Slashdot Mirror

← Back to Stories (view on slashdot.org)

Govt. Report Slams FBI's Internal Network Security

Posted by CowboyNeal on from the uncle-sam's-open-doors dept.

An anonymous reader writes "The Government Accountability Office, the federal government's watchdog agency, Thursday released a report critical of the FBI's internal network, asserting it lacks security controls adequate to thwart an insider attack. Among its other findings, the GAO said the FBI did not adequately "identify and authenticate users to prevent unauthorized access." The GAO report also criticized FBI network security in other regards, saying that there was a lack of encryption to protect sensitive data and patch management wasn't being done in a timely manner."

3 of 70 comments (clear)

  1. Common Knowledge by Anonymous Coward · · Score: 5, Informative

    I've worked in another agency in a related line of work. FBI security is a joke. Everyone knows it. An FBI agent's idea of "information security" is carrying a gun when he brings home Top Secret documents in his glove compartment. Their security flaws are a reason intelligence organizations are reluctant to cooperate.

  2. Good... by Mystery00 · · Score: 5, Funny

    Goooood, means it's possible to get to those x-files after all....

    --
    "we've got trenchcoats and bad attitudes" - John Constantine, HellBlazer
  3. Re:Windows ? by Lord_Frederick · · Score: 5, Interesting

    I've worked for private companies, local government and federal government. IT in some federal agencies is very scary.

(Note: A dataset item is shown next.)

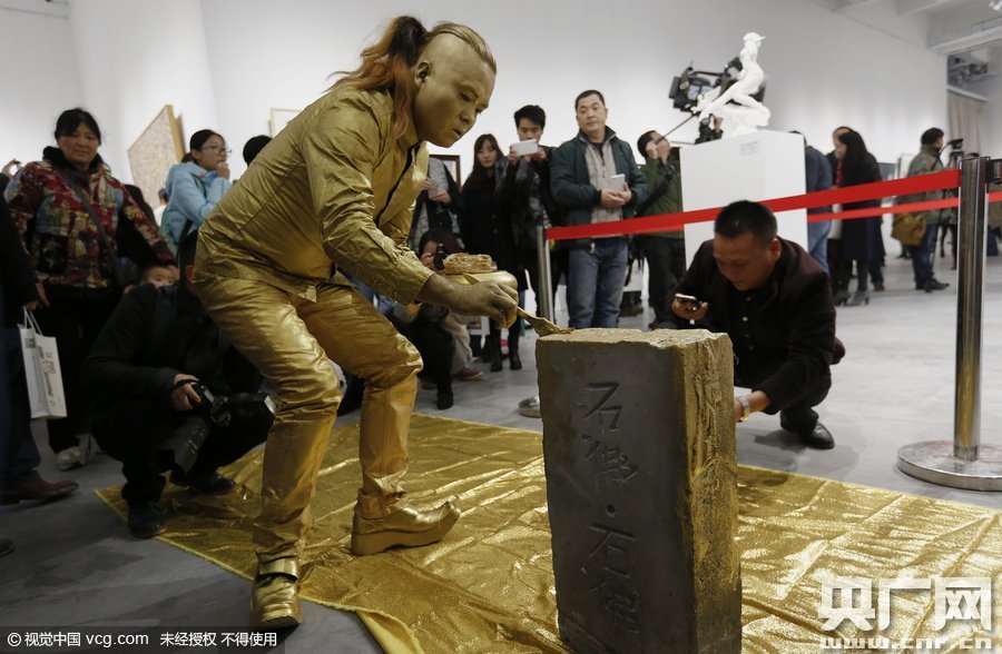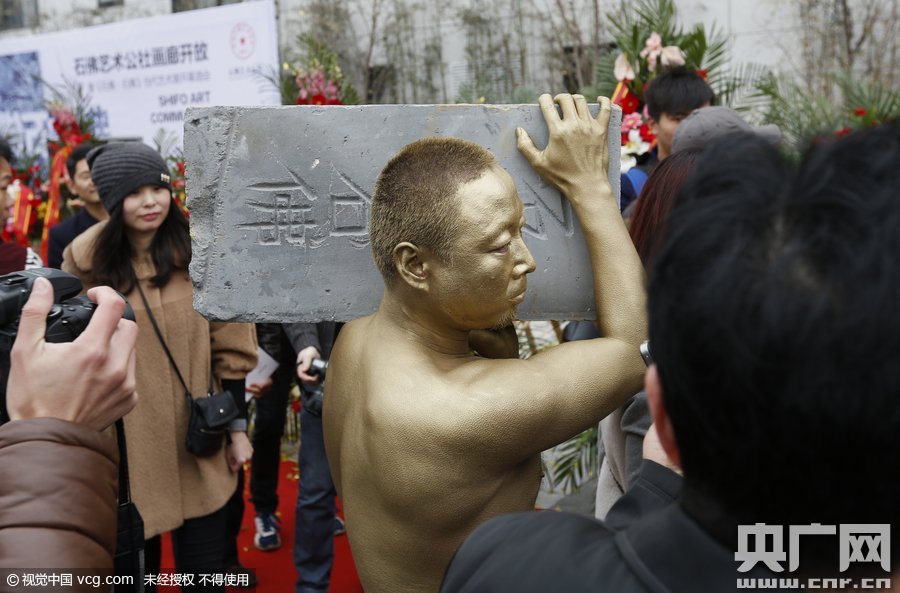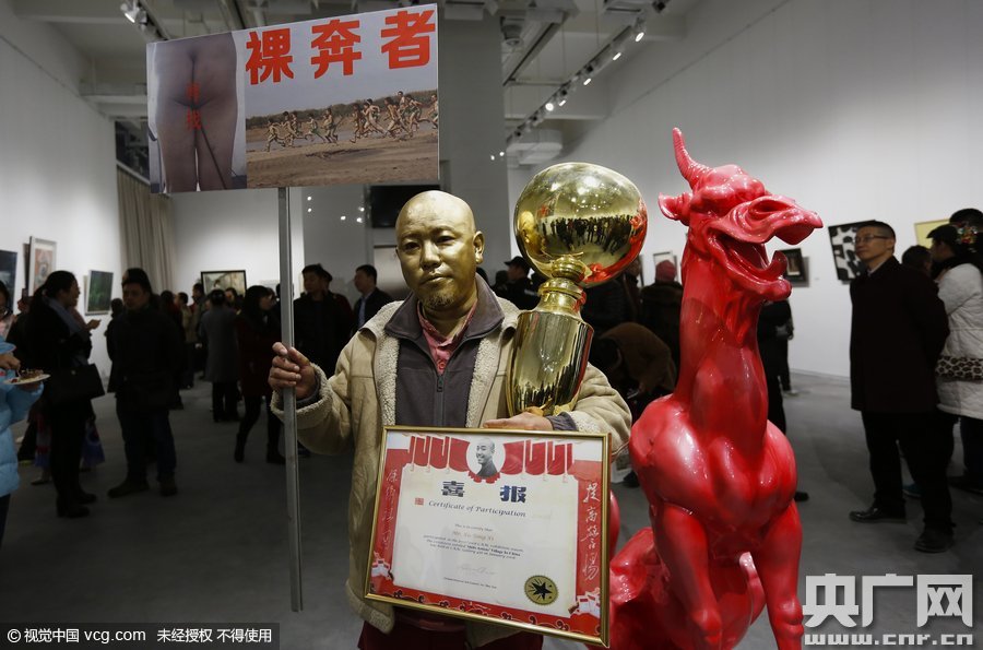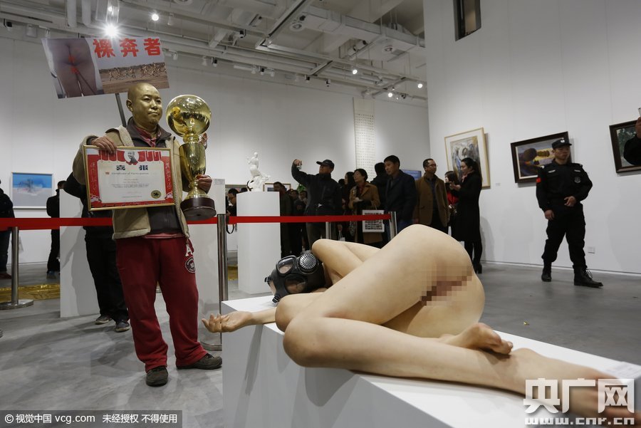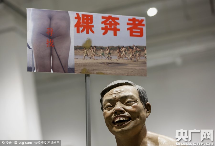2015年11月17日,河南省郑州市,《石佛.石佛》当代艺术展开展。 徐同喜的“裸奔者”行为艺术与曹?作品:《MASK》相结合引起关注。“人体”为假人,由综合材料做成。

    CAC cards are used, but terminal servers and websites for teleworking still allow username/password.

    Blackberries get CAC card readers for encrypted email, while flash drives and external hard drives are thrown into purses and bags.

    Remote computers co-located at contractor facilities STILL store LM hashes and don't have the physical security of a DoD office.

    EVERYONE writes down passwords because they have a dozen passwords to keep track of and each one is kept very similar to the next.

    Most users would not think twice about freely giving their password in a social engineering attack because IT here has gotten everyone in the habit of handing out their password to IT to "make things easier."

    Everyone is a local administrator, so google toolbars and instant messaging programs pop up here and there. The creative users block group policy.

    Don't even get me started on how the systems are managed. No folder redirection, no user storage on servers. Everyone stores their data on the local hard drive, and because they are local admins they put it anywhere. I've seen a guy storing his documents in c:\windows\system32.